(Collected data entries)
- Opening Delimiter -

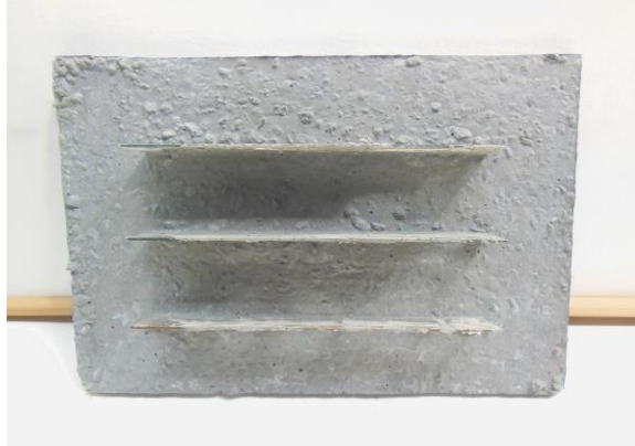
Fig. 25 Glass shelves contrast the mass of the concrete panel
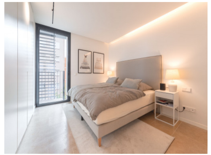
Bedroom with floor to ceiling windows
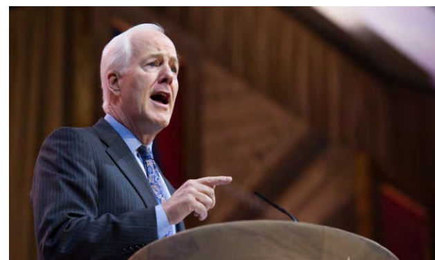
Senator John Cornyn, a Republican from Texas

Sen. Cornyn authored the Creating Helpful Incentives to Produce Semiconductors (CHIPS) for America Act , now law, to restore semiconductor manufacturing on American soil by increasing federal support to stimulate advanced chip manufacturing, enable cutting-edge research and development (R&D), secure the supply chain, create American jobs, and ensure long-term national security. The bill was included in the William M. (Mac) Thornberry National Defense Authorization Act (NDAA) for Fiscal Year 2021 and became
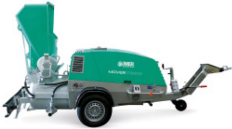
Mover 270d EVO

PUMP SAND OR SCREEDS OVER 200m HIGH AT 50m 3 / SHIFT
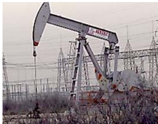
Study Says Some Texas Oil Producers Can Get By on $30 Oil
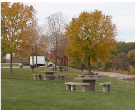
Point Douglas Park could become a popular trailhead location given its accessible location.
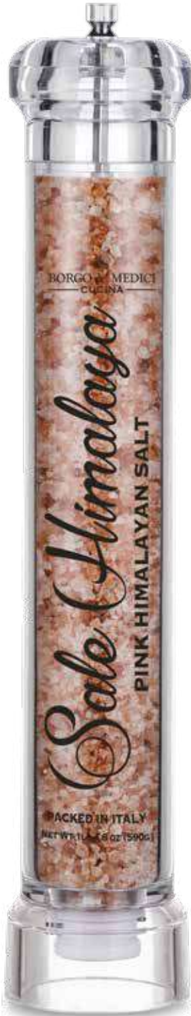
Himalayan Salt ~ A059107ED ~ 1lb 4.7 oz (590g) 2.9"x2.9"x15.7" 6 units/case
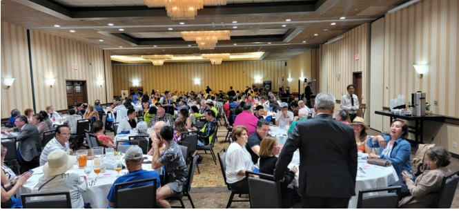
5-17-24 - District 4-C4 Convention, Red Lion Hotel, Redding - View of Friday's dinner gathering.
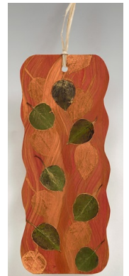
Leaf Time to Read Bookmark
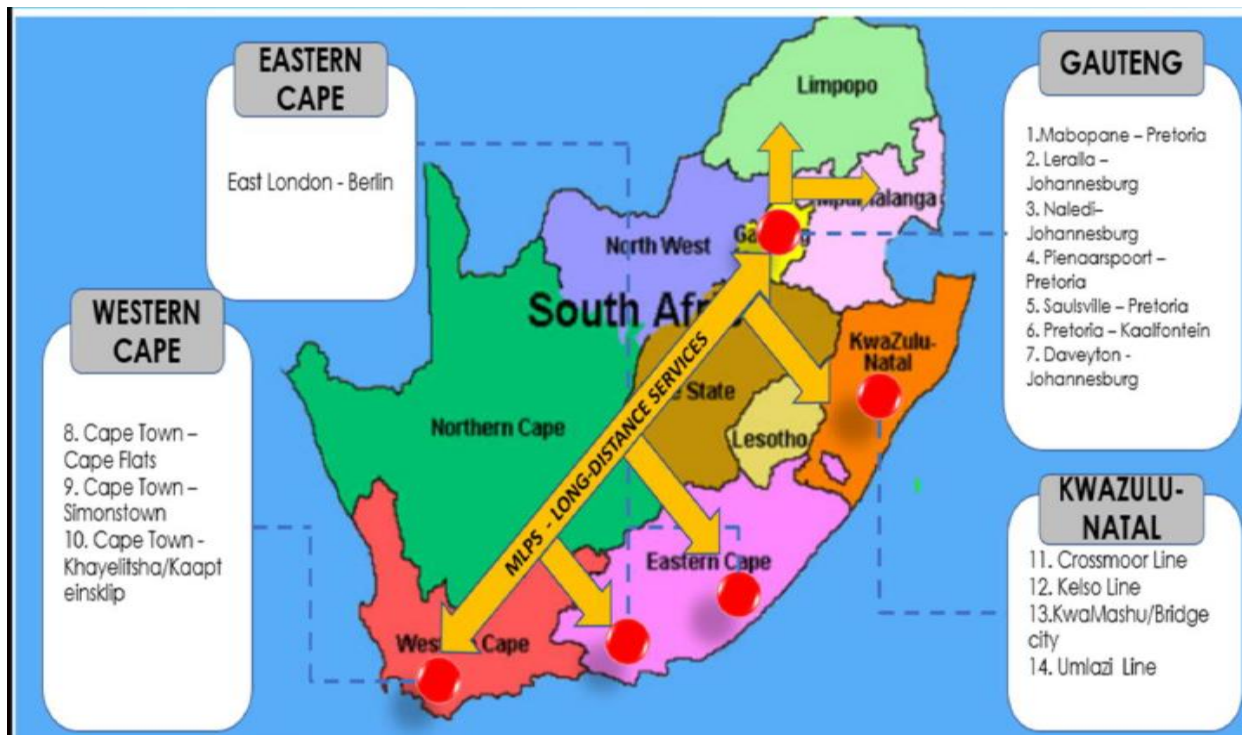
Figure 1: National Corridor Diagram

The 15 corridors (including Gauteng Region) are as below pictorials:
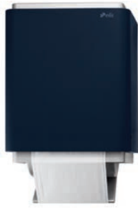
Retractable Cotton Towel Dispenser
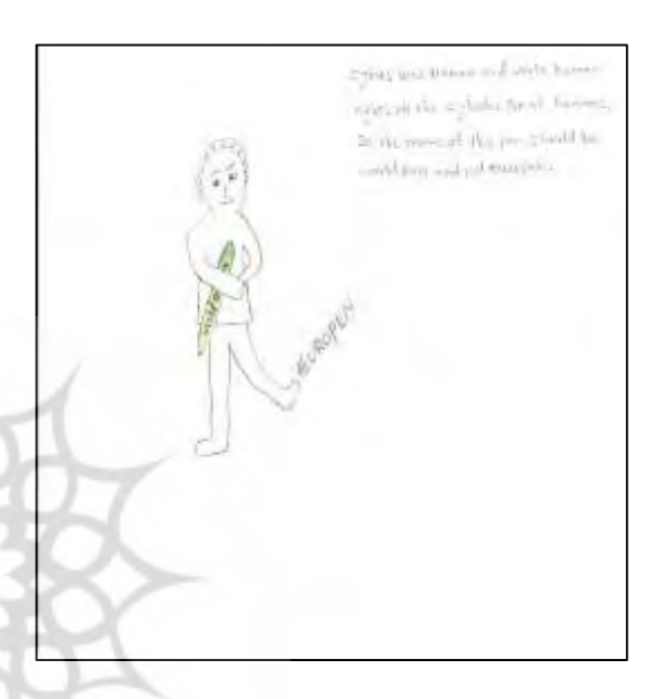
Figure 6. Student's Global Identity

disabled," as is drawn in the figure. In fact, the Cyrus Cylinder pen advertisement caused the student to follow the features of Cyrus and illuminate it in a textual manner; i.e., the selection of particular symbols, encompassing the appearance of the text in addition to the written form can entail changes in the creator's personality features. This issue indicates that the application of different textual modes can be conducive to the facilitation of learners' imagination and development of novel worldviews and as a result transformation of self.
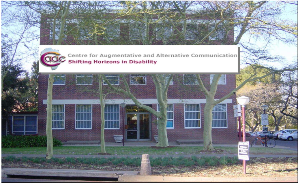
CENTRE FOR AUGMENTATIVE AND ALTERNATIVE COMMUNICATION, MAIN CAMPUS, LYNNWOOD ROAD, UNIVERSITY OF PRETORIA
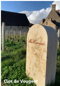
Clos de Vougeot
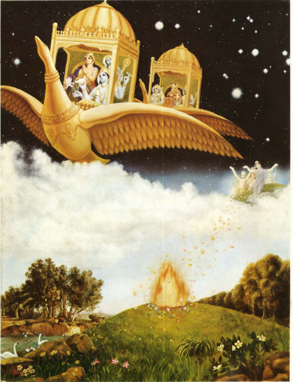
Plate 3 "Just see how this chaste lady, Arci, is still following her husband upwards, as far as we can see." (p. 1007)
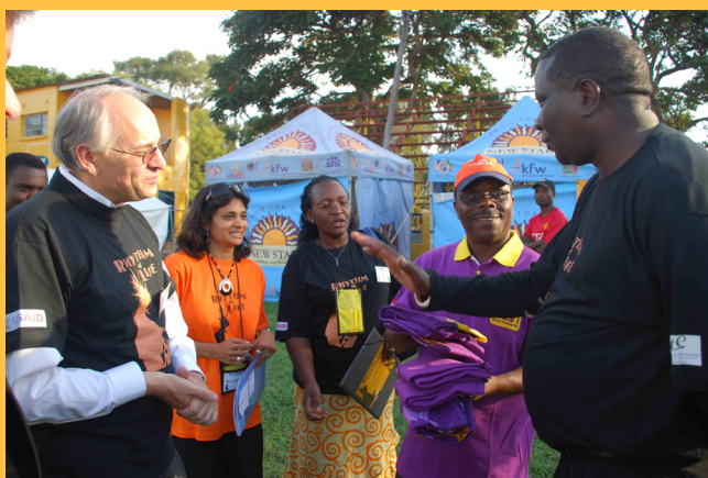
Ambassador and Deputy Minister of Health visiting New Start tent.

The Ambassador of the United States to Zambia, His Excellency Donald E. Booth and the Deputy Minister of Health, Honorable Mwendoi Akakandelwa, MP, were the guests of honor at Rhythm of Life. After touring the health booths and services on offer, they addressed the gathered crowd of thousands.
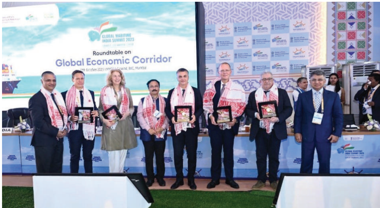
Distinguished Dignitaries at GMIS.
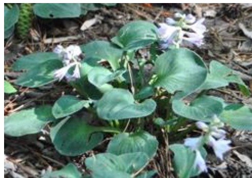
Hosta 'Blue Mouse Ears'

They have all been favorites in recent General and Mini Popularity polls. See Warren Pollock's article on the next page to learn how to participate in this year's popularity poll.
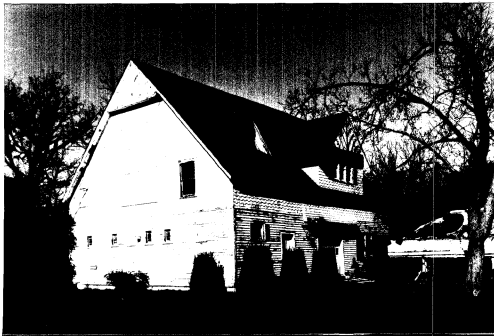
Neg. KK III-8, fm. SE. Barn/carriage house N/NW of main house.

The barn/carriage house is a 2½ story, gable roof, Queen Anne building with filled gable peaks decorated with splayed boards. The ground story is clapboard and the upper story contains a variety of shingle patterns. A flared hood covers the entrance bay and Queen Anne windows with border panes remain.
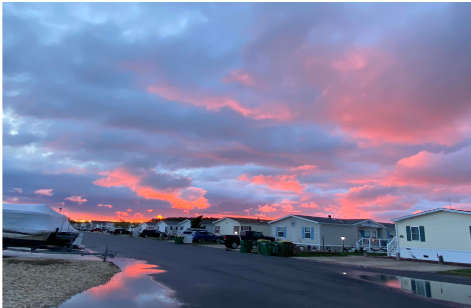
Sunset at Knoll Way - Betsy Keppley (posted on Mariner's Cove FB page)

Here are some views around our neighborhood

- Closing Delimiter -

* [EXERCISE DESCRIPTION]:
Once the line with "PUMP SAND OR" is found above, transcribe each line from it through the line with "Figure 1: National Corridor Diagram", exactly, and omit the pictures.

* [FINAL ANSWER]:
PUMP SAND OR SCREEDS OVER 200m HIGH AT 50m 3 / SHIFT
Study Says Some Texas Oil Producers Can Get By on $30 Oil
Point Douglas Park could become a popular trailhead location given its accessible location.
Himalayan Salt ~ A059107ED ~ 1lb 4.7 oz (590g) 2.9"x2.9"x15.7" 6 units/case
5-17-24 - District 4-C4 Convention, Red Lion Hotel, Redding - View of Friday's dinner gathering.
Leaf Time to Read Bookmark
Figure 1: National Corridor Diagram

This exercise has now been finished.